There are new proponents purporting the planting of lawn with only clover rather than grass. The primary advantage comes in the fact that no mowing is needed. 

Methods of lawn care include Angelkeep’s push-mowing method, most common the homeowner’s riding mower, or hiring the service by those physically unable homeowners or those rich enough for that option. The elimination of mowing grass has huge advantages physically and financially. 

Who knew the day would come when gasoline miles-per-gallon would be a consideration for the lawn?

Angelkeep typically finds the first thrill of owning a lawn rife with clover during late April or early May when the first of many annual four-leaf-clovers either gets picked or photographed. Lucky clovers served as a previous topic for Angelkeep Journals. That history and accountability will not be repeated today.

Angelkeep clover bloom, also mentioned in retro columns, becomes a summer favorite of local honeybees. Lovely wife Gwen loves her honey (the food variety, and hopefully the spouse variety as well.) It’s another reason to allow clover to grow in the Angelkeep lawn. Purple and white blooms appear in various sizes.

Did you know sweet clover has Wells County history?

Evan L. Chalfant wrote a 1905 letter to the editor of the Bluffton Chronicle suggesting errors were printed in an earlier issue. He wrote his letter, “not particularly in defense of sweet clover, but to state the facts as I have learned them.”

Chalfant claimed sweet clover had been in the neighborhood for over 30 years (back to 1875) and refuted calling it a “pest.” He claimed it lived only two years. His horses, cattle, sheep, hogs and chickens ate it happily when pastured “and knock down my fences to reach for that along the roadside.” 
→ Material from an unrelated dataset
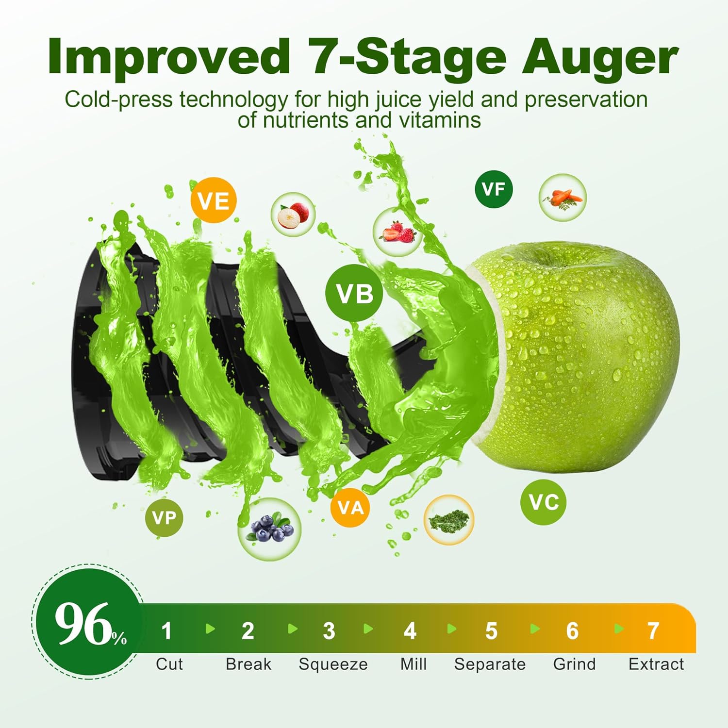 - Extra-Wide 5.3'' Chute & Large 1.8L Hopper: Skip the chopping, Fretta F6000’s extra-wide 5.3'' feed chute fits whole apples, carrots, and other hard produce, saving you prep time. While the 1.8L large self-feeding hopper lets you juice more in one go, perfect for families, healthy lifestyles, or entertaining—just load, press, and enjoy fresh juice faster!

“The smallest bee with the shortest bill easily reaches the honey. The honey is of a rich golden color and of a very pleasant flavor.” Gwen knows all about this fact.

“Sweet clover is a twin sister to alfalfa which it resembles closely in looks, habits of growth, richness as food, nitrogen-gathering bacteria, and soil enriching qualities. We have no better plant in this state for enriching poor soil. Sweet clover seed is heavy and will not blow about like thistle seed and so it never spreads rapidly. It gives no trouble whatever in fields that are pastured nor on land where a rotation of crops is followed. If every roadside in our country were lined with sweet clover it would cause less damage than is now caused by the yellow mustard growing on so many farms.”

Angelkeep’s lawn supports a menagerie of wild animals pasturing, such as bunnies, deer, muskrats (although they prefer aquatic plants,) and this column’s writer who routinely includes dandelion and other “weeds” in a breakfast stir fry or omelet. 

The Chronicle in 1891 advised a pasture mix of clover, timothy, redtop, blue grass, fescue, and orchard grass. Angelkeep has some of those but includes crabgrass, plantain, violets, dandelion, purslane, buttercup, quack grass, creeping Charlie, bindweed, purple deadnettle, just to mention but a few. Can’t have too much purple deadnettle for those breakfast meals. 

Angelkeep’s pokeweed is interesting but certainly not in the food group, not even spread with honey. Spotted jewelweed, same.

The 1891 news reported “Pigs fed in clover either in the fields or in the pen, are the best pork producers.” That might relate to the occasional groundhog spotted on the back lawn of Angelkeep. Truth be known, this columnist has eaten smoked groundhog. Tastes like smoked ham.

In 1885, the Chronicle suggested one way to make bureau drawers “odorous” came in the use of sweet clover or orris root. Angelkeep has plenty of sweet clover and a smaller supply of orris root, it being the underground portion of tall bearded irises.

Angelkeep’s lawn is not a contemporary full-clover expanse, nor the golf fairway look so many homeowners aspire to. It’s a happy little yard supporting local critters and a columnist’s appreciation of some free breakfast greens.

Mr. Daugherty is a Wells County resident who, along with his wife Gwen, enjoy their backyard and have named it “Angelkeep.”